План этот был несовершенен, как черновик. Можно было бы вытягивать из него по крупицам, пока не сдохнет, а коль он скоротечно сдохнет? Выдержит ли горячее сердце такой накал? Нет, если уж брать, то не по глотку, а сразу всё. Вот и решил я мою ненаглядную девочку на этом субчике женить.

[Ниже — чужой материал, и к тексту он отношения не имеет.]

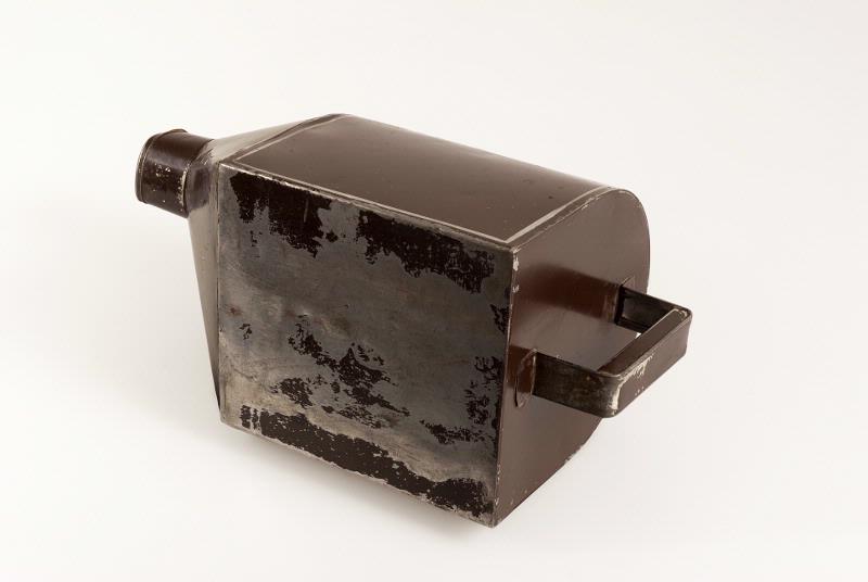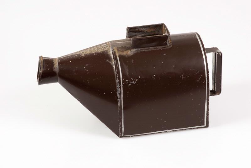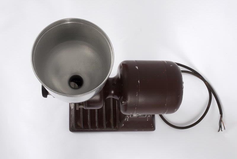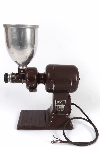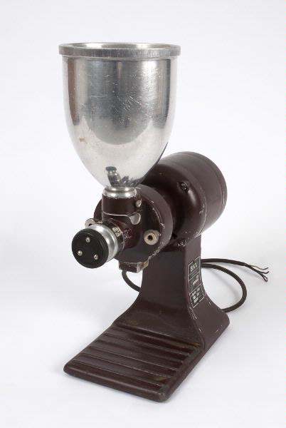 Mörkbrun elektrisk kaffekvarn bestående av en bottenplatta med ett fält med åsar och en sockel. På sockeln vilar en cylinderformad motordel (Diam 16 cm, L 18 cm) som är anslutet til ett malverk med en doseringstratt (H 24 cm, öpnning Diam 18,5 cm) i vitmetall. På det räfflade fältet står en handtagsförsedd kaffepulveruppsamlare med pip, av plåt. Kvarnen är försedd med en isolerad svart 3-fas elkabel (L 130 cm) och fyra fötter.

Решение принято, остальное — дело техники. Девочка была уже отработанная, жить ей оставалось недолго. Она могла в любой момент кинуться от передозняка, если бы я чуть ослабил контроль.
Я не только тщательно отмерял ее дозы, но и следил за ее карманными деньгами, как дядя Гумберт. Наладил контакт с ее дилером. Парнишку, бывшего ее любовника, я изрядно напугал. Суть нашего уговора была в том, что отныне он должен был продавать дурь только мне, и ни под каким видом — лично ей в руки. Его я элементарно приручил кнутом и пряником. Это был один удар кнута и пока что один пряник. Я дал ему сто баксов просто так, как грамоту во имя скрепления нашего уговора. Предупредил, что просто сдам его в полицию, если продаст ей дурь хоть раз. У меня есть связи и так далее, — соврал я ему, и он поверил: мало ли чем владеет этот странный взрослый дядя? Так он и продолжал наш крепкий союз, в боязни кнута и в тщетном ожидании пряника.